▸ **WHAT IS NEEDED**: No pictures, please. Copy exactly the lines from the one with "Cable-stayed suspension bridge" through the final line below.

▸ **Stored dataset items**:
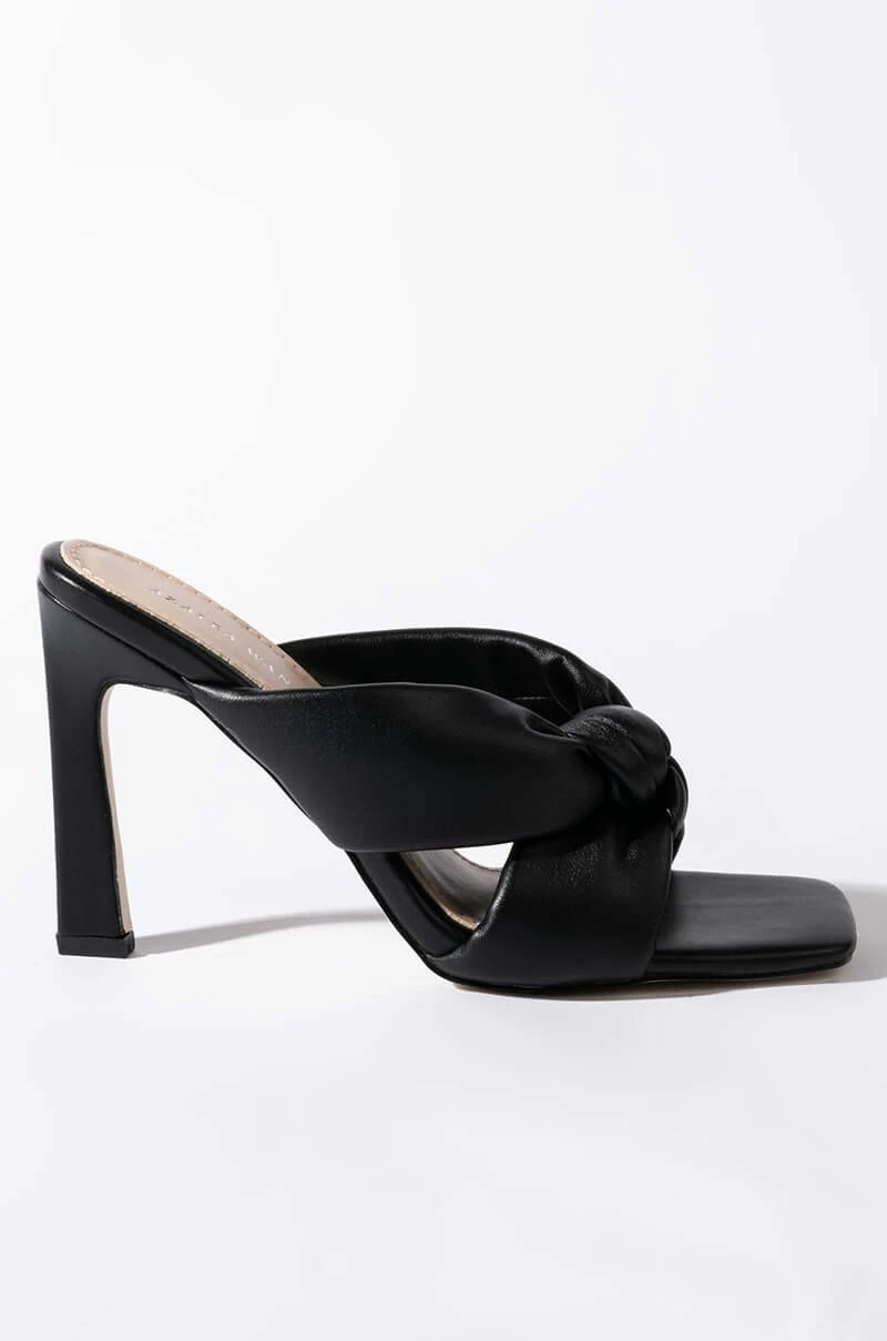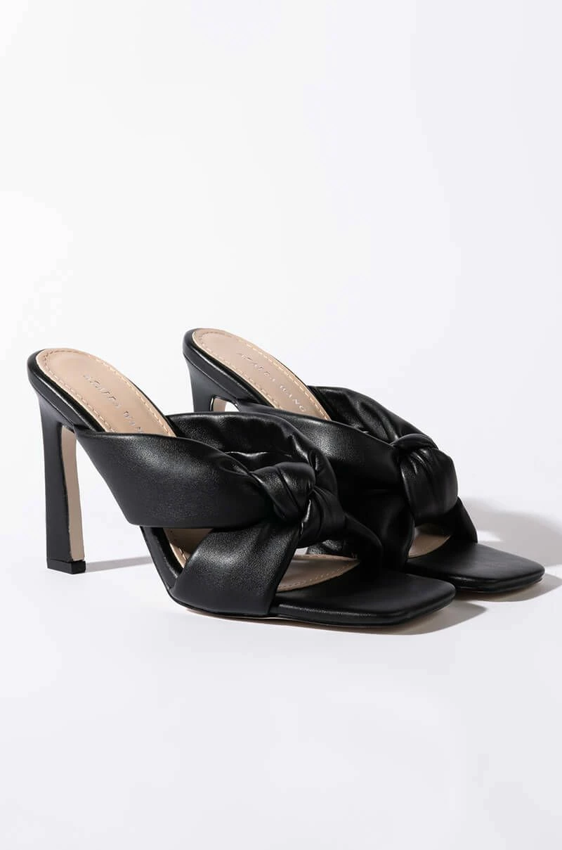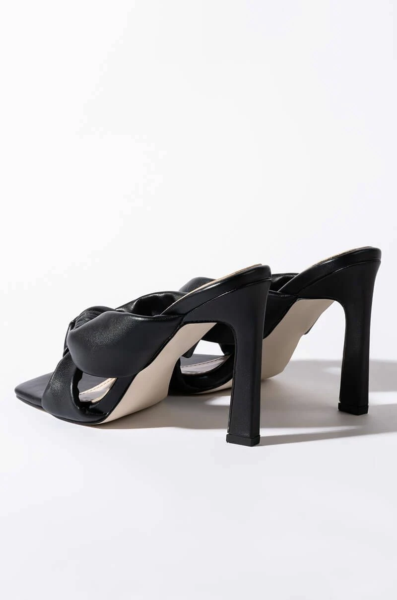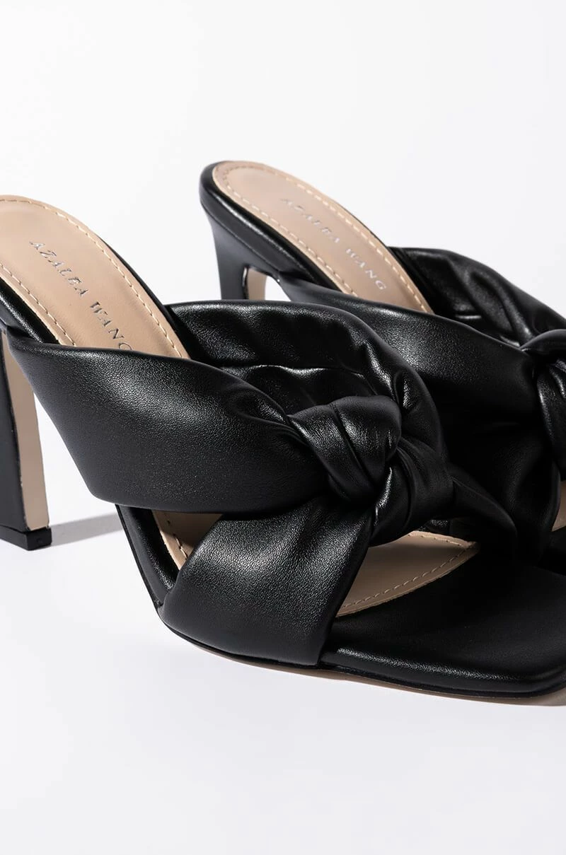 The AZALEA WANG Sweet Like Sunday Square Toe Sandal In Black features a plush faux leather upper, a cushioned sole, knot front straps, a square open toe design, and a slim stiletto heel. Wear these with your fave denim and a chic off the shoulder blouse.
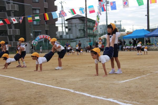 国旗、園旗の行進で始まり、異年齢チーム代表の6名が大きな声で宣誓!準備体操をし、元気に運動会が始まりました。プログラム2番は、5歳児による体操。3歳児から毎週1回体操教室をしてきた柔軟、組体操、剣道、鉄棒、跳び箱を披露しました。
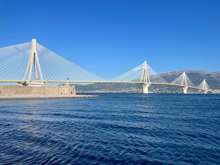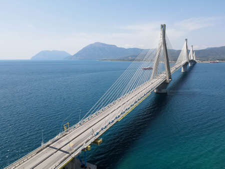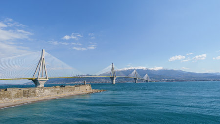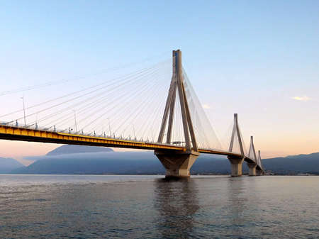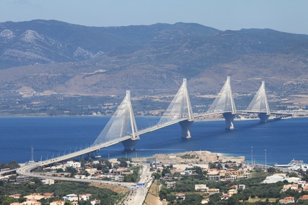 Cable-stayed suspension bridge crossing Corinth Gulf strait, Greece. It is one of the world's longest multi-span cable-stayed bridges and the longest of the fully suspended type
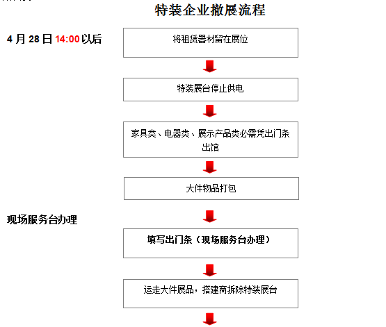 -展會期間,所有成箱的物品出門(包含展品和其他物品)必須先到“現場服務處”開具“出門單”。
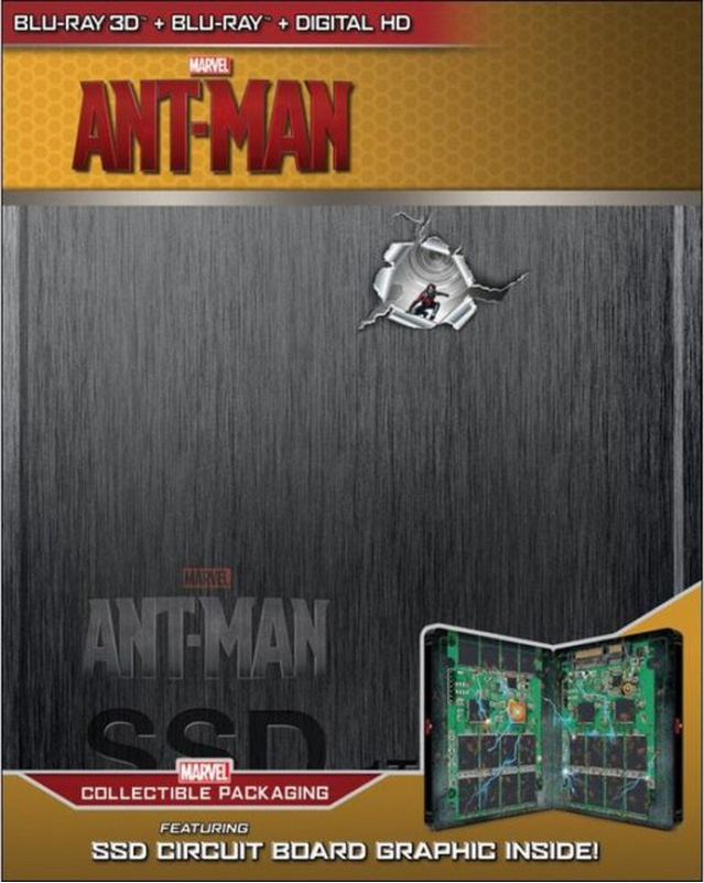 Et après le steelbook à l’aspect d’une K7 audio pour les Gardiens de la Galaxie, Disney nous a concoctés cette fois un steelbook d’Ant-Man en forme de disque dur SSD ! On retrouvera du coup à l’intérieur un double visuel des cartes électroniques avec les puces mémoires comme à l’intérieur d’un vrai SSD. Et le moins que l’on puisse dire, c’est qu’une fois de plus l’idée est vraiment très originale, avec même un peu d’humour puisque l’on peut voir Ant-Man dans un trou de balle !
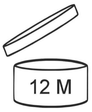 2. Caducidad PAO (Period After Opening) (Siempre Obligatoria excepto si el producto tiene un fecha de caducidad inferior a 30 meses y se especifica). Es un grafismo indicador del período de vida útil de un producto desde su apertura. Se representa con un recipiente redondo abierto y un número con una M, que hace referencia a los meses que han de pasar hasta que se caduque. Según el reglamento: Art. 19.1 : Fecha de caducidad; Reloj: caducidad < 30 meses; PAO: caducidad> 30 meses.

▸ **RESPONSE AREA**:
 Cable-stayed suspension bridge crossing Corinth Gulf strait, Greece. It is one of the world's longest multi-span cable-stayed bridges and the longest of the fully suspended type
 -展會期間,所有成箱的物品出門(包含展品和其他物品)必須先到“現場服務處”開具“出門單”。
 Et après le steelbook à l’aspect d’une K7 audio pour les Gardiens de la Galaxie, Disney nous a concoctés cette fois un steelbook d’Ant-Man en forme de disque dur SSD ! On retrouvera du coup à l’intérieur un double visuel des cartes électroniques avec les puces mémoires comme à l’intérieur d’un vrai SSD. Et le moins que l’on puisse dire, c’est qu’une fois de plus l’idée est vraiment très originale, avec même un peu d’humour puisque l’on peut voir Ant-Man dans un trou de balle !
 2. Caducidad PAO (Period After Opening) (Siempre Obligatoria excepto si el producto tiene un fecha de caducidad inferior a 30 meses y se especifica). Es un grafismo indicador del período de vida útil de un producto desde su apertura. Se representa con un recipiente redondo abierto y un número con una M, que hace referencia a los meses que han de pasar hasta que se caduque. Según el reglamento: Art. 19.1 : Fecha de caducidad; Reloj: caducidad < 30 meses; PAO: caducidad> 30 meses.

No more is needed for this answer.